Хозяин, мигнув, тянет дверь на себя, и с моей помощью она открывается, проскрежетав по неровному бетонированному полу. Я оказываюсь в затхлом помещении, а хозяин опять опускается на табуретку. На полу у его ног громоздится целая гора серых треугольников.
— Уорин, он пошел назад в длинный дом, который его.
— А где его дом? То есть… дом, который его.
Человек выходит на порог и указывает на дальний остров, расположенный за лагуной.
— Он останется долго там.
Я благодарю его и уже собираюсь отправиться на поиски средства передвижения.
— Эй, миста, — окликает меня мой собеседник. — Ты хочешь заплатить кому–нибудь за плавник, который акулы? Он счур хороший для супа.

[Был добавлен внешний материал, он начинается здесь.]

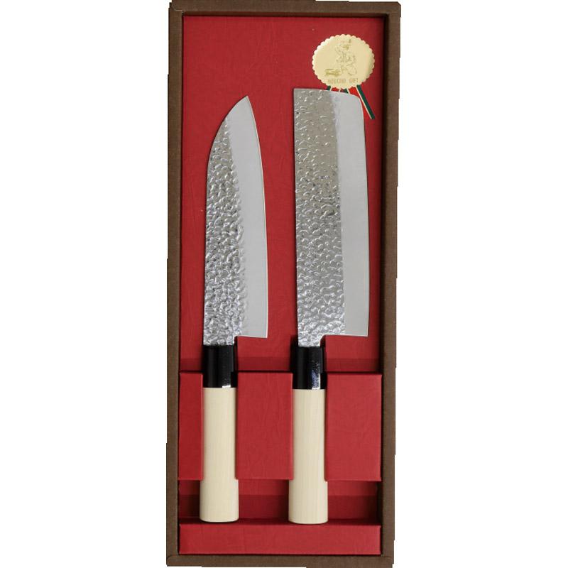 〇商品仕様●内容:三徳包丁:刃渡り170mm・菜切包丁:刃渡り170mm×各1規格●化粧箱入(175×40×400mm) 350g●材質:ステンレス刃物鋼、天然木●加工地:日本

Он принимается размахивать у меня перед носом плавником, от которого несет старой дохлой рыбой. Я вежливо отказываюсь.
У причала нахожу ловца крабов, который соглашается доставить меня на нужный остров и подождать, пока «Уорин» будет делиться со мной тайнами разведения кур. Мы проскальзываем по маслянистой воде порта и вновь оказываемся на покрытом зыбью открытом пространстве.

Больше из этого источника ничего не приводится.